Does the project/programme impact differently on different groups of Children &Young People affected
Every single young person is unique and has their own skills, experiences, goals and ambitions. We support each child who participates in our programmes to identify their strengths and help them to harness them into something they want to achieve (e.g. a job, a new community project, a qualification, a skill, or other.)
Many of the young people we support need significant help to aid them to improve their confidence, self-esteem and overall health and well-being so that they are in the best position to identify their strengths.
Many of the young people we engage with are disengaged from general society and are so focused on the day to day that they don’t think about their life long term or in the big picture. Our work supports young people to improve their confidence, self-esteem, self-efficacy, health and wellbeing and personal aspirations through regular 1-2-1 support with the programme manager, regular conversations and support from a mentor and regular group discussions with other young people participating in the programme.
We work closely with some groups that require additional support given the barriers they face e.g. Roma community, young immigrants, children with physical and or mental health issues
If a negative impact is assessed, or potentially could arise for any area of rights or any group of children and young people, what options have you considered to modify the proposal, or mitigate the impact?
We regularly gather feedback from children participating in our programmes. This information is used to adapt/change any elements which have been raised as a concern or potential issues. Our staff and volunteers regularly report back varying points raised by the children they are working with. Sometimes these points require immediate attention, others require investigation, whilst other are looked at on a wider basis. All concerns and or issues raised are always looked at and evaluated.

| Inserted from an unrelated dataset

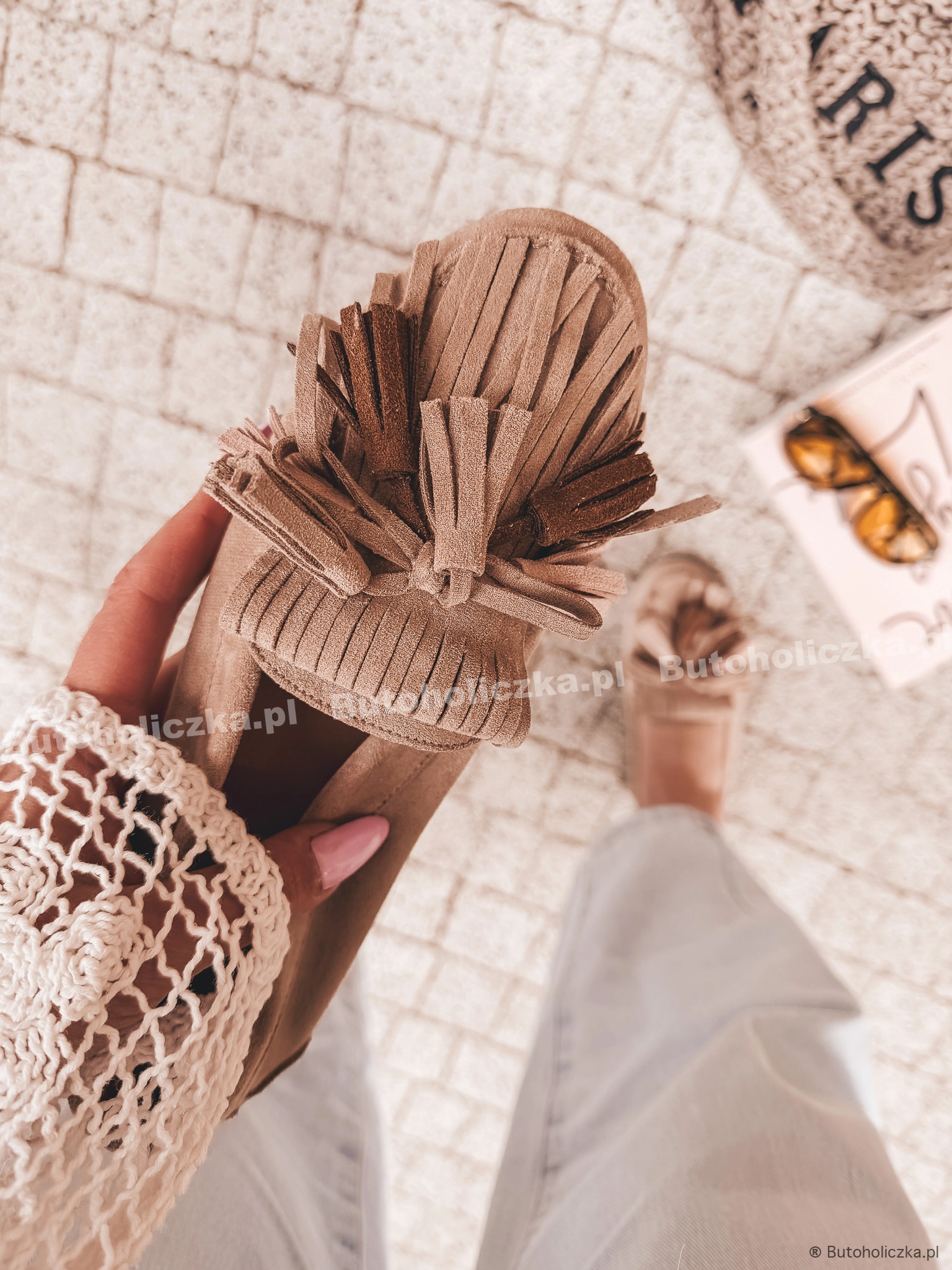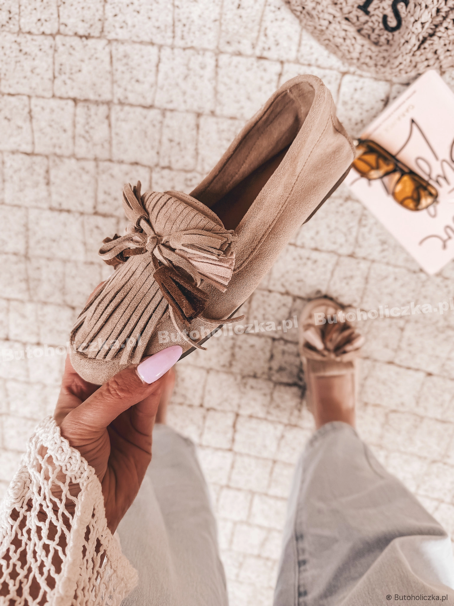 MEGA MIĘCIUTKIE Mokasyny JESS frędzelki BEŻOWE
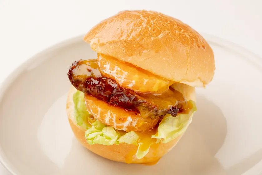 和歌山のみかんを丸ごと1個と調理長こだわりの自家製みかんソースが決め手!!みかんの間には和歌山が誇る牛肉『熊野牛』のスペアリブを挟み込みました。濃厚かつスパイスを効かせた『熊野牛』と『みかん』の果肉とソースが酸味・甘味を加え絶妙な味わいのバーガーとなりました。「旨」×「甘」×「酸」の三味がそれぞれの特徴を引き立てたバーガーです。

What evidence have you used to inform your assessment? What does it tell you?
We have spoken with staff, volunteers and hundreds of young people participating in our activities on a weekly basis. We have also spoken with our board of trustees.
Monitoring and review Bi-annually by COO/Programme Leadership.
- CRWIA – training tool – this relates to the training tool which all staff in Achieve More Scotland will have completed when working as part of the CashBack programme.
- SG Materials for further reference.